Top positive review
5 people found this helpful
on 11 January 2010
I have read just about every book Thomas H Cook has written. His themes always contain a sense of Conradian darkness, but I feel that now he is beginning to home in on a central premise. A premise which focuses on the nature of murder as a singular force and the balance of judgement/revenge.
His last novel 'The Master of the Delta' brings in much mention of historical atrocities - the Spanish Inquisition, the gulag ships, and so on. Cook touches on this type of material again here - Countess Bathory, war crimes, various famous serial killers. (But not in any sensationalising way.
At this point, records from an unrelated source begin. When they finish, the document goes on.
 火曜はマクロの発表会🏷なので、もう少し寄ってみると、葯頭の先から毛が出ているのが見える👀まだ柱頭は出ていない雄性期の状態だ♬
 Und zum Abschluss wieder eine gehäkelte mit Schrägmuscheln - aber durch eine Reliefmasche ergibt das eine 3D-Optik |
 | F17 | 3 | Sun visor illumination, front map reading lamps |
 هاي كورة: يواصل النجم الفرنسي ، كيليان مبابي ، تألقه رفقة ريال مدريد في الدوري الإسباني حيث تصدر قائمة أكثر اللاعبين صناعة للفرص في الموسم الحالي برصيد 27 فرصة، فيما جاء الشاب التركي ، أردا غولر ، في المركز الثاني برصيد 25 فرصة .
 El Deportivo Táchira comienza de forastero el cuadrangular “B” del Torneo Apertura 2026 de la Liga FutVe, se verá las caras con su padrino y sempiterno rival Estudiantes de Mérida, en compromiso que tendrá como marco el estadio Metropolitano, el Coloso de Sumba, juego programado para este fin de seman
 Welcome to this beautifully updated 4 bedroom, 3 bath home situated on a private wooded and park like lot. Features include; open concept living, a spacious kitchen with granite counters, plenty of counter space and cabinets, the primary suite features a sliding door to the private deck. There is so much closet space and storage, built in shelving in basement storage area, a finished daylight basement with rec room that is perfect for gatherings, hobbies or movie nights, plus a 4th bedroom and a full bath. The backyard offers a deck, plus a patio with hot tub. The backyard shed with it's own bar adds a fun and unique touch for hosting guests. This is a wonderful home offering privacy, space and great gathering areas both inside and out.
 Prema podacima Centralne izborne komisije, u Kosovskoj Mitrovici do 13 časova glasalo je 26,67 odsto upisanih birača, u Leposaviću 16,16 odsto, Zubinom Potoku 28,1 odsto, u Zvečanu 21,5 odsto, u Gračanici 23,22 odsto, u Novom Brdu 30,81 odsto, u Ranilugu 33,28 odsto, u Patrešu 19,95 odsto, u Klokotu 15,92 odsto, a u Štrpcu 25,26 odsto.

As a crime writer he is one of the most philosophical and morally tenacious in searching through the murk and the sadism.)
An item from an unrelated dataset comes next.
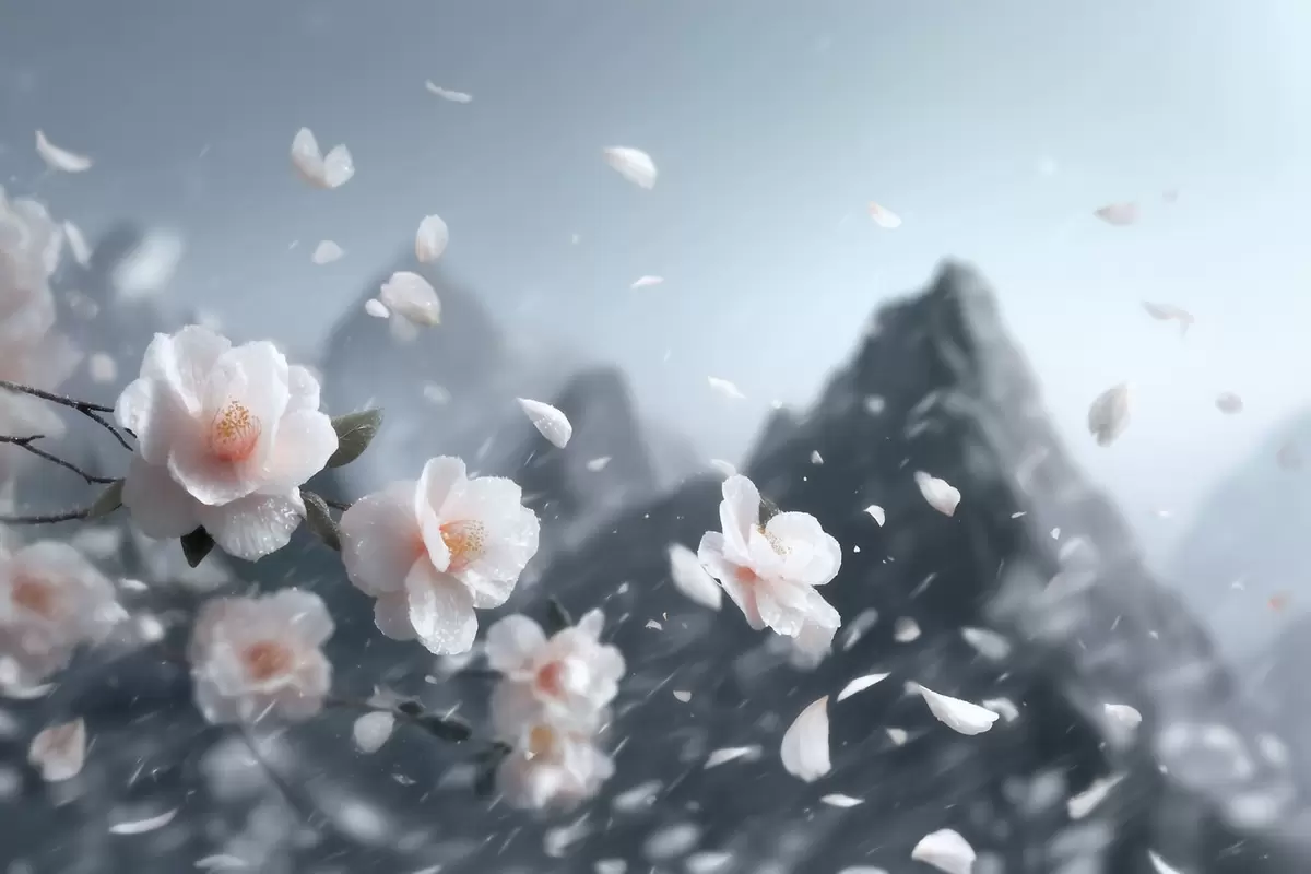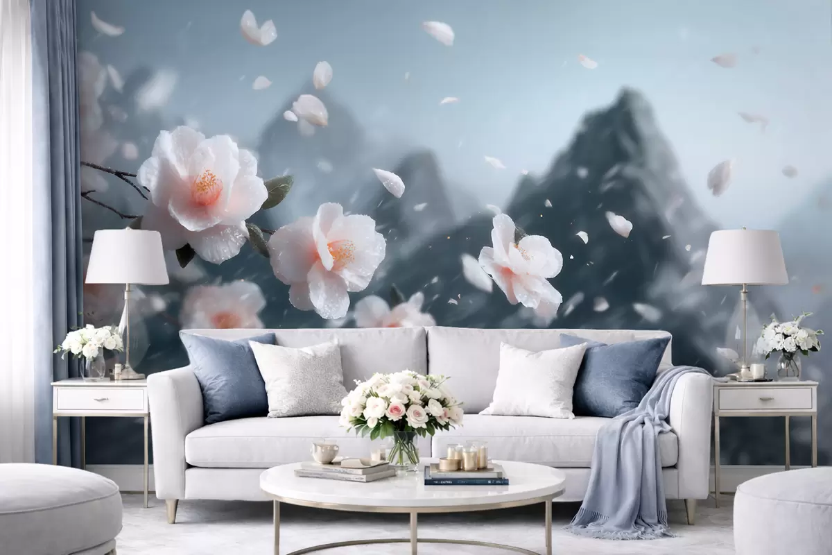 Fototapety Jemné květy třešňových stromů na pozadí hor, atmosférická japonská krajina v pastelových tónech Č. w09808

This is a truly multilayered book - and one of the strangest I think he has ever written. A previous reviewer states that the reader needs to go back to the first chapter after reaching the end to find out what has happened to George. This is spot on. (References in the story to 'a further turning of the screw' are definately relevant here.) It's not the kind of twist I expected from Cook, but then again he has never dealt in conventional 'twists' anyway. A further reason why he is so original and interesting as a crime author.
'The Fate of Katherine Carr' is an uneasy, perplexing, horrifying and moving novel. I really hope it finds a big audience. It would also make a superb film.